Жизнь торчков и тем более торговцев изо дня в день
делалась все более стремной: полиция лютовала, а по новому закону тебя
могли повинтить даже за следы от уколов на руках. Однажды Уильям с
партнерами основательно влипли. Ему светил большой срок, и адвокат
намекнул, что благоразумнее плюнуть на залог, под который его выпустили
из тюрьмы, и оказаться по ту сторону мексиканской границы.
В Мехико выяснилось, что всю торговлю дурью здесь
держит некая особа по имени Люпита, которая так хорошо ладила с
полицией, что та не только закрывала глаза наее бизнес, но и исправно
устраняла конкурентов. Так что Уильяму пришлось не только отказаться от
мысли о собственном деле, но еще и покупать у Люпиты поганого качества и
безбожно дорогое зелье. Со временем, правда, стали выручать рецепты.

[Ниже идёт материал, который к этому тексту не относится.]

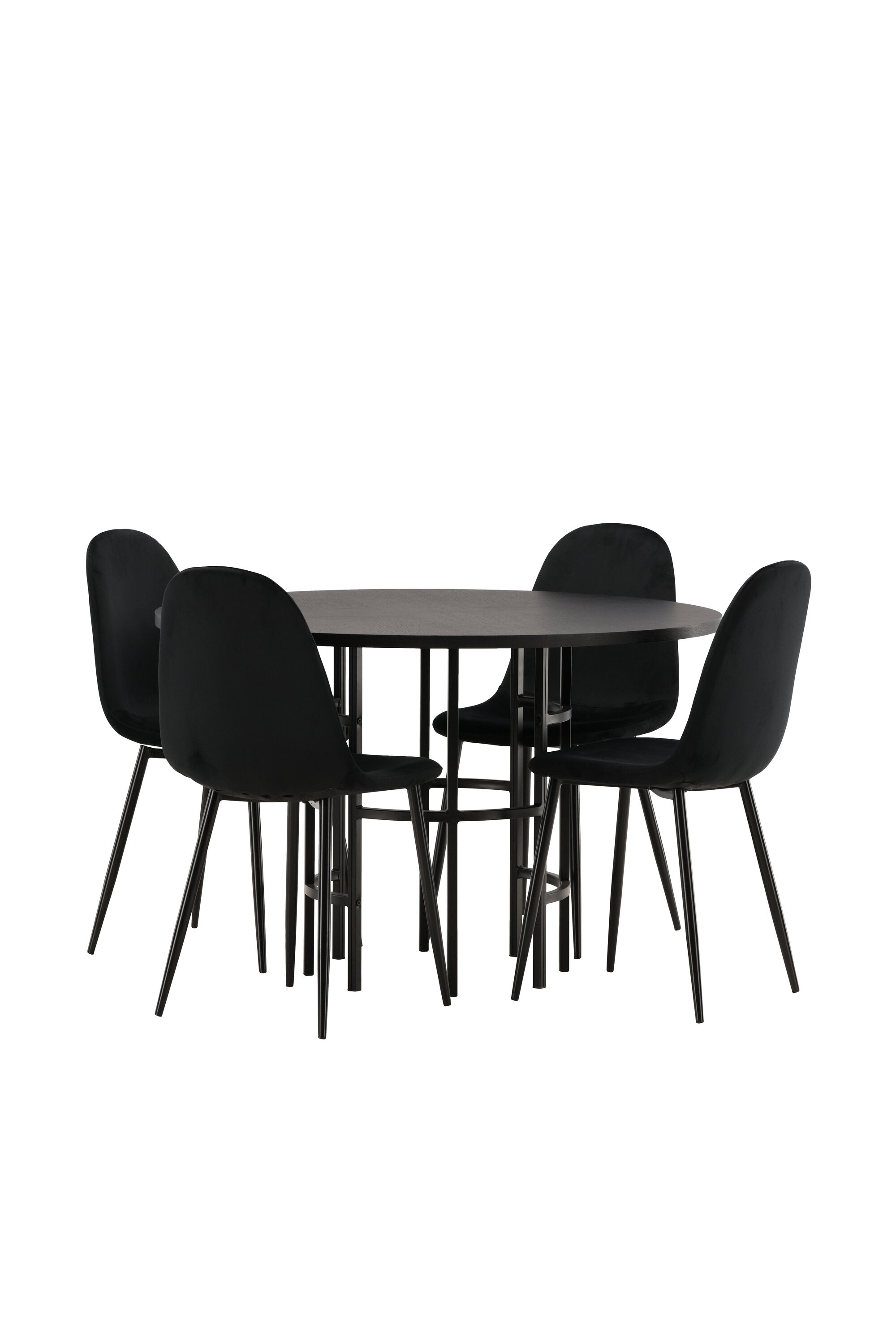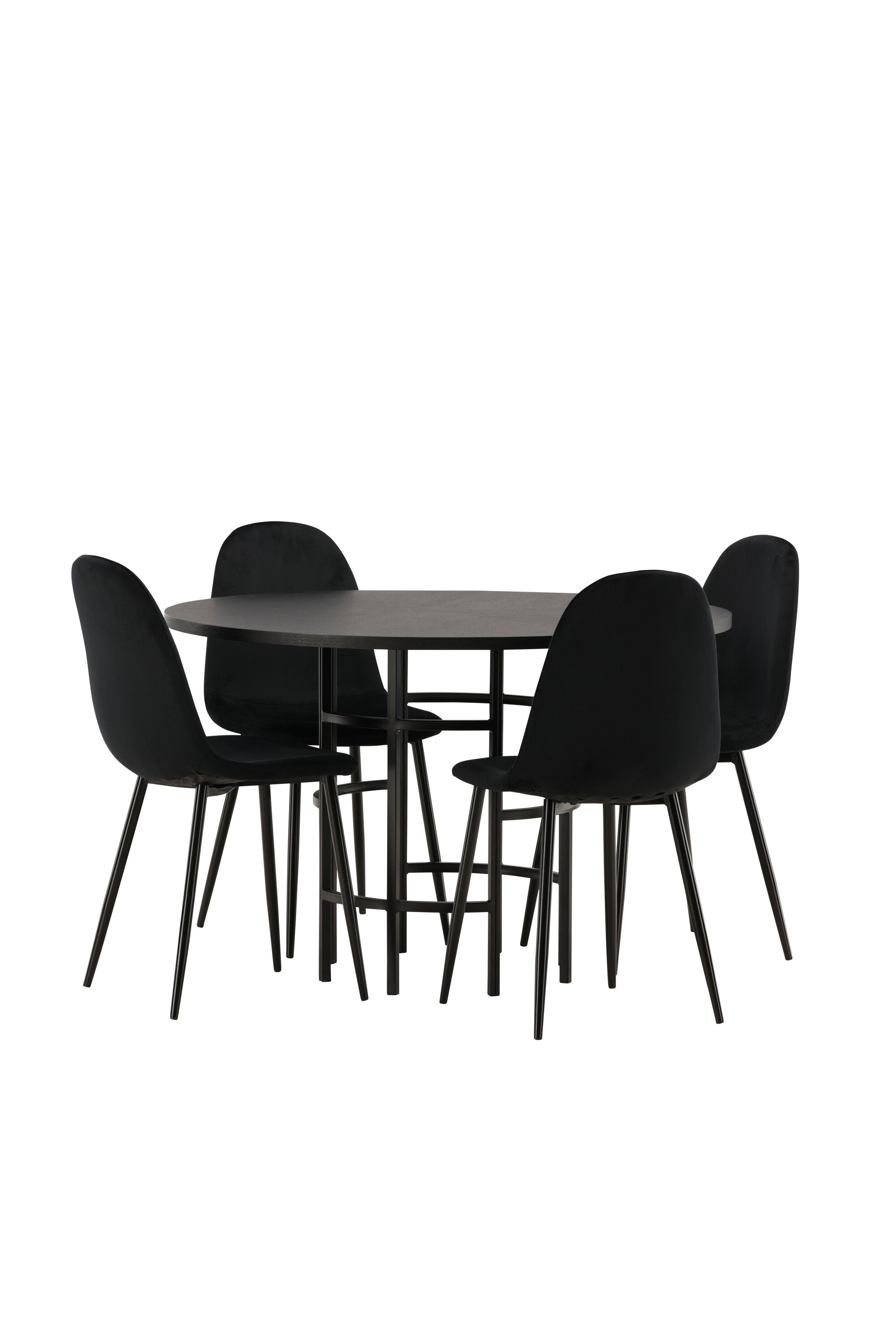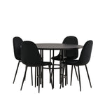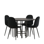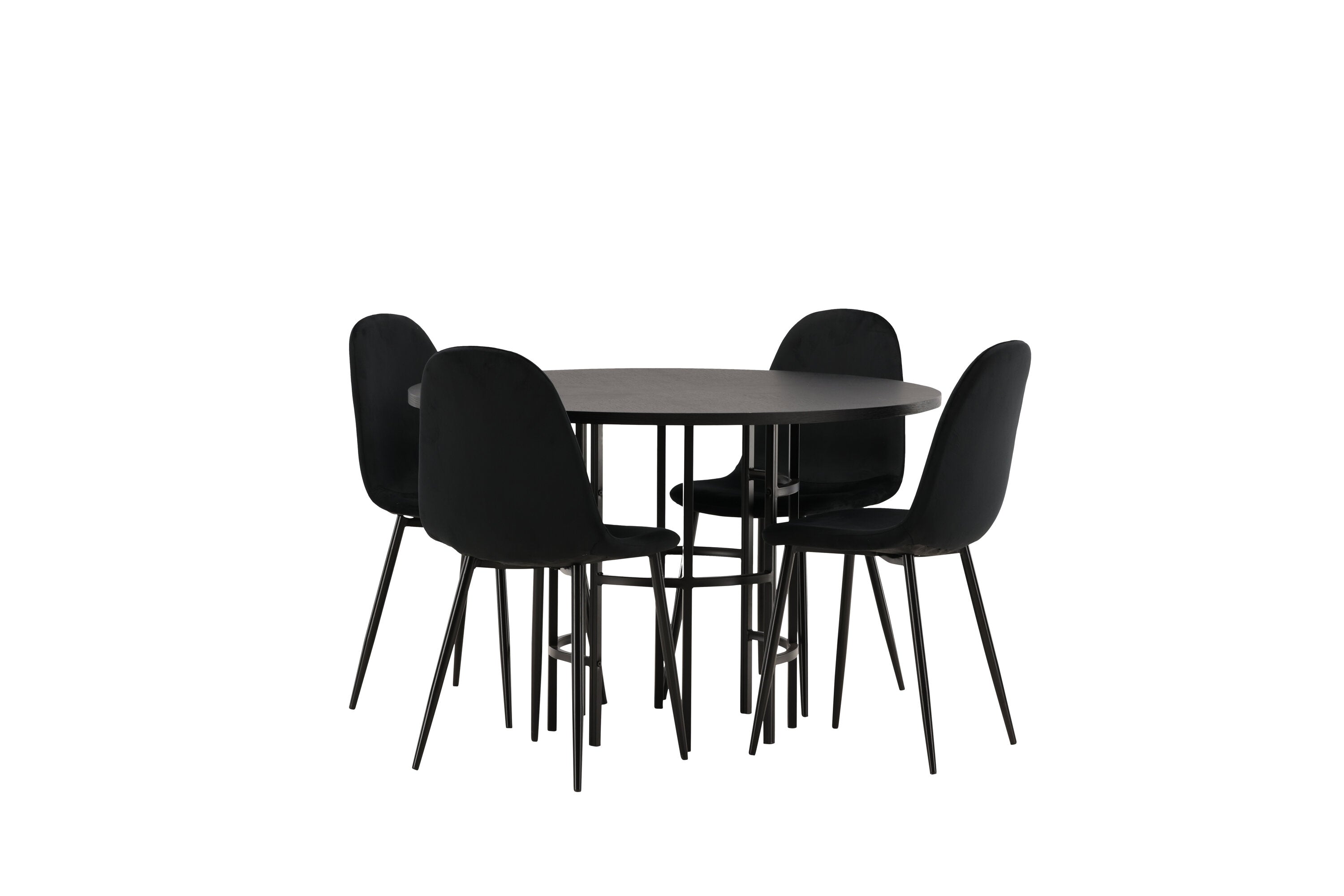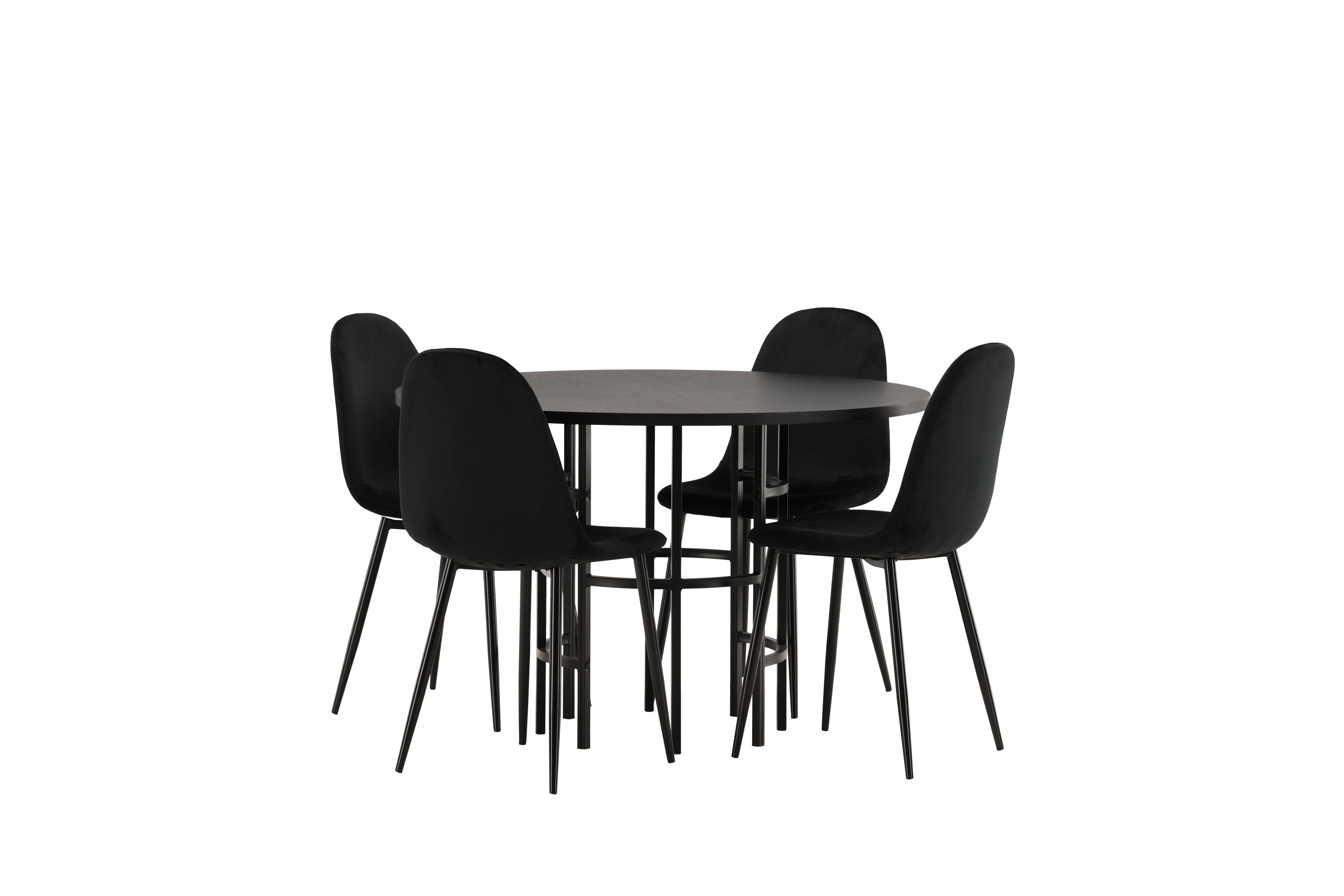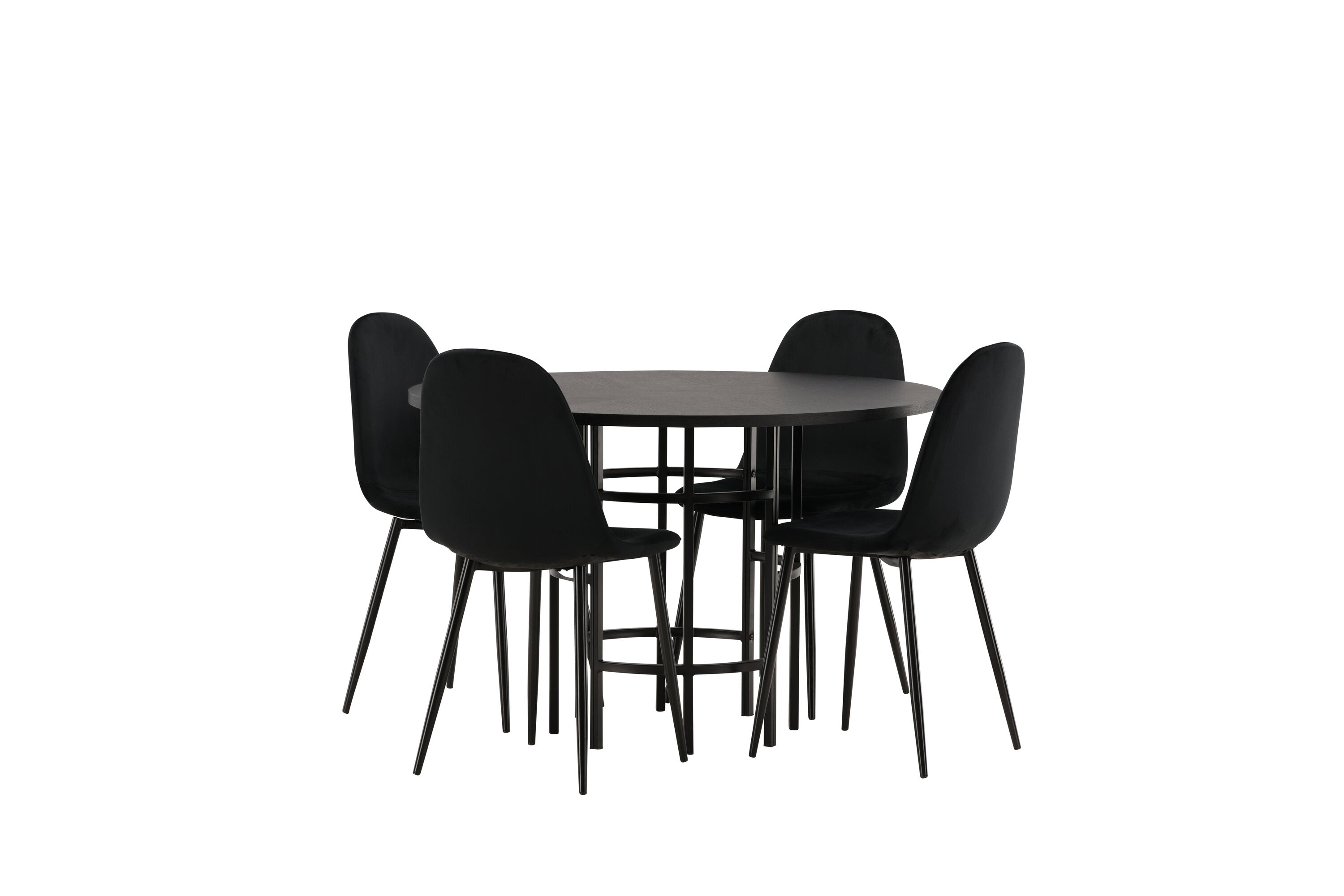 Stylový, moderní a nadčasový – jídelní skupina, která udělá dojem na vaše hosty! Tento trendový jídelní stůl ze série Copenhagen patří do kolekce Furniture Fashion a má ušpiněnou černou desku stolu z MDF s dýhou a dekorativní podnož ve tvaru válce z černého kovu. Zde společně s našimi pohodlnými jídelními židlemi ze série Polar. Židle má celočalouněný design se zaobleným opěradlem a sedákem z černé sametové látky s měkkým polstrováním a nohami z černého kovu s práškovým nástřikem. Nedělejte kompromisy mezi pohodlím a designem!

За год, что он в Мехико просидел на игле, Уильям
раз пять пробовал завязать, но из этого ничего не выходило. В последний
раз он выкарабкивался на смеси спиртного и колес и от наркоты таки
избавился, зато на несколько недель неимоверно запил. Прочухавшись
как-то утром, он чуть не задохнулся от запаха мочи и с ужасом понял, что
вонь эта исходит от него самого. Как люди умирают от уремии, Уильям
видел; осмотревший его врач сказал, что еще бы одна бутылка текилы — и
конец.
Так или иначе, но уже несколько месяцев Уильям не кололся.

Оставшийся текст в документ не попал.